When the dealing was done and it was time to go home wait for a taxi outside, the kids learned that the loop was absolutely more than necessary. But of course, the one lesson I know so well about kids… they always persist on pushing the boundaries. They don’t believe what safe is until they know what risky means. And my boy insisted on taking the risk by taking his wrist out of the loop. I must have warned him about the risk of losing the balloon 15 times within the first 2 minutes of saying ‘no’. It was, for Lenin’s sake, a windy afternoon!

 

I don’t think it takes a Russian intelligence to guess what the next lesson was and learned by whom, kharasyo? Sure enough, the red balloon fled Edrick’s hand in approximately 2 minutes and 15 seconds after he took it off from his wrist! I tried to grab it but to no success. Edrick cried the saddest cry I had ever seen that windy afternoon! He knew he lost it – the balloon, the fun, the chance. It was then that I came to my senses as to why I never liked balloons! They pop, they fly away.
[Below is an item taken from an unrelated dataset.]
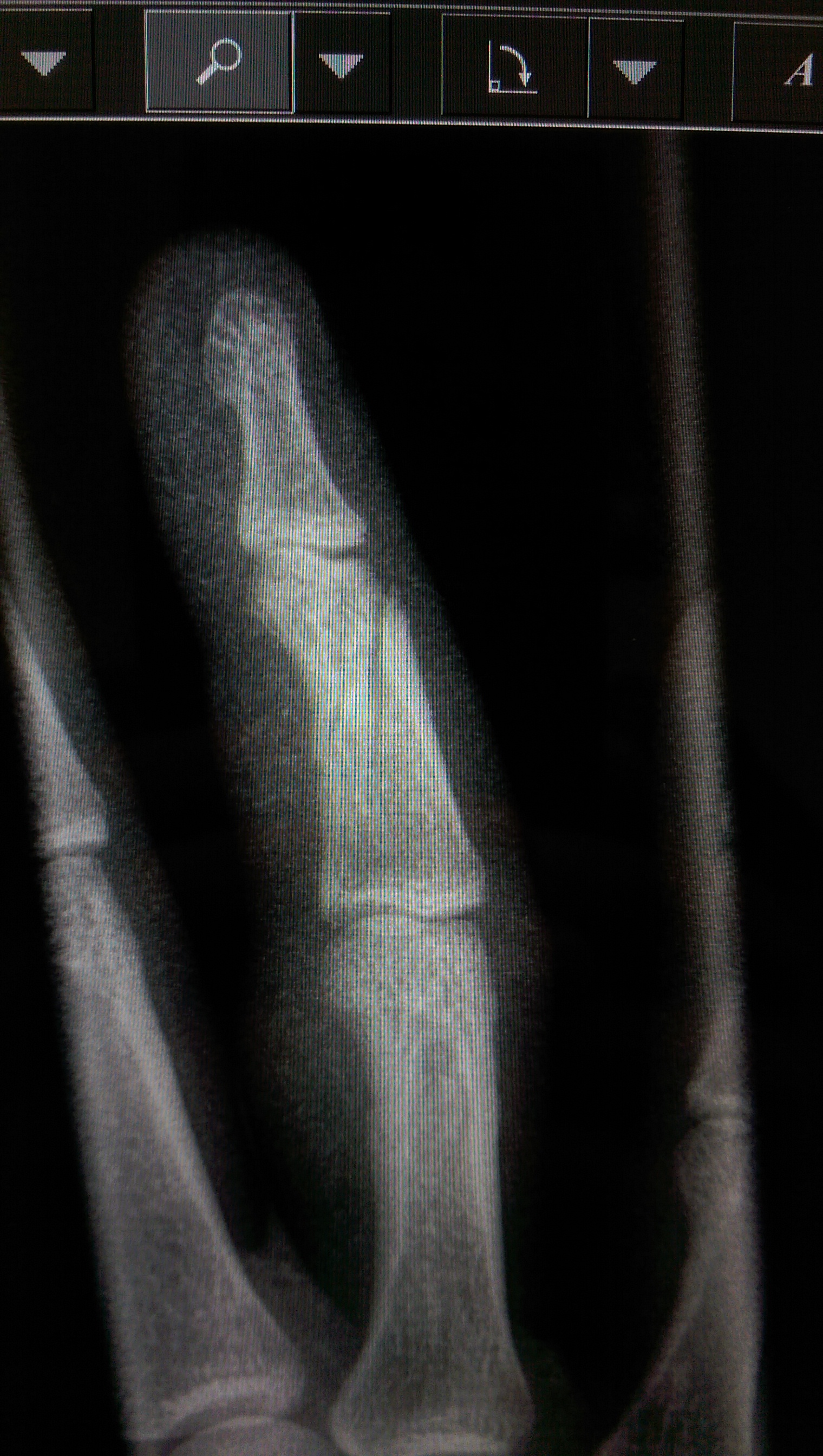 This is a “mildly comminuted and slightly displaced complete transverse fracture of the middle phalanx of the right 4th finger, with associated soft tissue swelling.” In translation I snapped my finger in half like a Q-tip.

They never stay! I learned that I have probably lost many chances in my life just because I had been so afraid of losing!

 

The balloon, I had to tell Edrick, had gone to the balloons’ heaven, where all balloons eventually go. And that was after my unsuccessful attempt of telling him that the balloon had flown to the moon. Edrick, the little einstein rascal demanded I got him a rocket!

 

Just when I thought there was enough learned for one day, another lesson came knocking on my Sense & Sensibility Door, introducing herself as Miss Second Chance. She came just a few hours earlier as Lady Kindness, wearing Miss Svetlana Mikhailovna Dostoevsky’s face. It was a no-wonder that she looked delightfully familiar. Here she was, with another balloon, same color, same loop, same smile.

 

And so Edrick got his second chance, his second balloon, from the same lady! She must have been watching me Monchies from inside (or above, or somewhere!) I was just about ready to jump on her to give her the biggest Russian hug an Asian can ever give, but I knew it was a bit too much. I thanked her with a million spasibas profusedly, nonetheless, as I was boarding the taxi.

 

Two kilometers down the road, Edrick’s second balloon popped!

 

They pop. They fly away. They never stay.